Berlijn was ten tijde van Van Ostaijens verblijf een brandhaard van maatschappelijke én artistieke revolutie. Vooraan in de strijd om vernieuwingen stonden de expressionisten en anarchisten; Gustav Landauer maakte van hun kringen deel uit. In profetisch aandoende bewoordingen getuigden ze van hun liefde voor de mensheid en van hun verwachting dat de Apocalyps en daarmee dus ook een nieuw Jeruzalem ophanden waren. De vier jaar durende massaslachtingen op de slagvelden in Frankrijk en Rusland duidden ze als een voorspellend teken.

Van Ostaijen was al door het activistische expressionisme aangeraakt toen hij, eenentwintig jaar oud en wonend in het door de Duitsers bezette Antwerpen, de bundel Het sienjaal (1918) concipieerde. Als een tweede Van Gogh had hij zijn christelijk geloof willen inzet- ten voor de vernederden en vertrapten. Eenmaal op zichzelf terug- geworpen in Berlijn en danig gefnuikt in zijn heilsverwachtingen begon hij zich te oriënteren op een veel minder sociaal bewogen variant van het expressionisme. Van Kandinski en Picasso begreep hij dat het niet de taak van de kunstenaar is om boodschappen uit te dragen. Het ging er eerder om onder de opperhuid van de werkelijkheid op zoek te gaan naar het wezen der dingen. Jezelf vrijmaken van je veeleisende en dwingende ego past daarbij.

En dus was het voor Van Ostaijen niet al te moeilijk om de door Eckhart aanbevolen weg van ontlediging in te slaan, een weg die hem ten slotte liet uitkomen bij de ‘zuivere lyriek’, die hij verdedigde met een beroep op de mystiek. Poëzie en mystiek, zo zegt hij in zijn programmati- sche essay ‘Gebruiksaanwijzing der lyriek’, delen de extase, ‘het vervuld-zijn-door-het-onzegbare. Zoals de ekstase slechts dit ene thema kent dat is het schorsen van het dualistiese aanvoelen van God en de kreatuur, zo kent de dichterlike ziel alleen dit ene verlangen dat zij steeds wil uitdrukken het vervuld-zijn door het in het transcendente boren van het woord. De ekstatieker en de dichter worden beiden verteerd door gloed gans van binnen.’ 

Vestdijk

Aan het begin van de twintigste eeuw was Eckhart al in het Nederlands vertaald en becommentarieerd, maar je kunt niet zeggen dat hij daarmee ook een grote bekendheid had gekregen. Dat hij omstreeks 1950 onder de aandacht kwam van een wat breder Nederlandstalig publiek is de verdienste van alleskunner en allesweter Vestdijk.

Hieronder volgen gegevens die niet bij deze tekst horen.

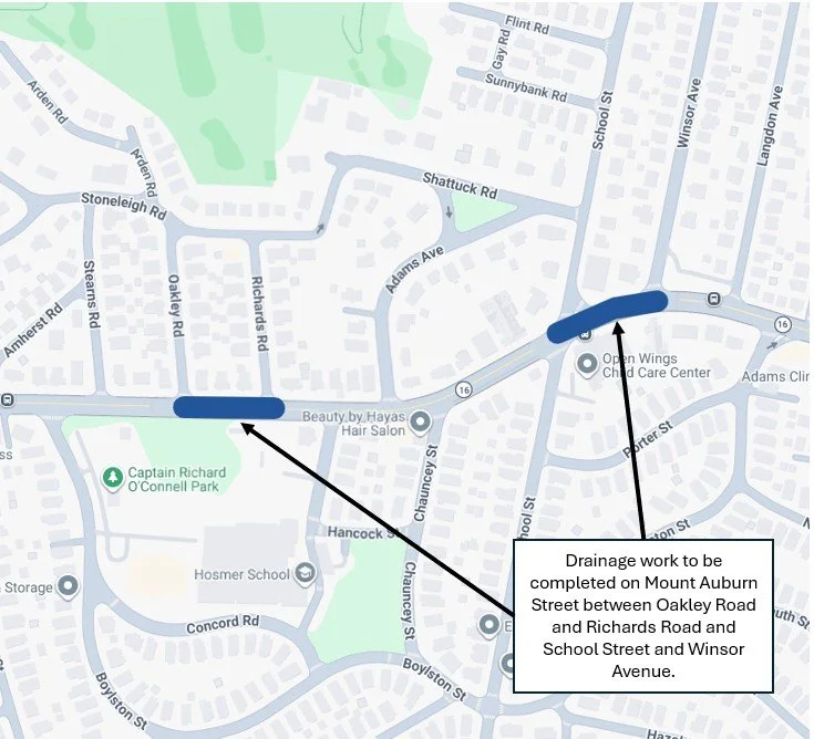 Crews will continue drainage installation and excavate test pits on Mount Auburn Street between Richards Road and Oakley Road and Winsor Avenue and School Street

Vestdijk debuteerde als dichter en bouwde een ooit geduchte maar nu helaas tanende reputatie op als auteur van tweeënvijftig romans, waaronder Het proces van Meester Eckhart uit 1969. Daarnaast was hij de auteur van lijvige studies over zulke uiteenlopende onderwerpen als de symfonieën van Mahler, de psychologische aspecten van de angst, het wezen van de poëzie, de astrologie, en last but not least De toekomst der religie.

In dat gelijknamige boek, geschreven tijdens de Tweede Wereldoorlog maar pas in 1947 gepubliceerd, onderscheidde Vestdijk drie religieuze menstypen: het metafysisch-projecterende type, dat uitgaat van een eeuwige, buiten de mens om bestaande God; het sociale type, dat zijn religieuze inborst uitleeft in het stichten en beleven van gemeenschap, en het mystiek-introspectieve type, dat niet geïnteresseerd is in een eeuwig heil voor de hele mensheid dan wel een groep van uitverkorenen en al evenmin in een paradijs op aarde, maar zich in plaats daarvan richt op de mogelijkheid van individuele zelfvervolmaking door middel van geestelijke oefening.

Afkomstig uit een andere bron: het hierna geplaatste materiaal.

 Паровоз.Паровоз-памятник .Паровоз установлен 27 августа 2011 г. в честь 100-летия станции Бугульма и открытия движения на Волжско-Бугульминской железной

Vestdijk had een uitgesproken voorkeur voor het derde type, dat hij gestalte gaf met een signalement waarvoor hij te rade ging bij de vedische en boeddhistische geschriften, maar ook bij Eckhart, door hem – niet toevallig – neergezet als geestverwant van de Indische mystici uit de voorchristelijke periode.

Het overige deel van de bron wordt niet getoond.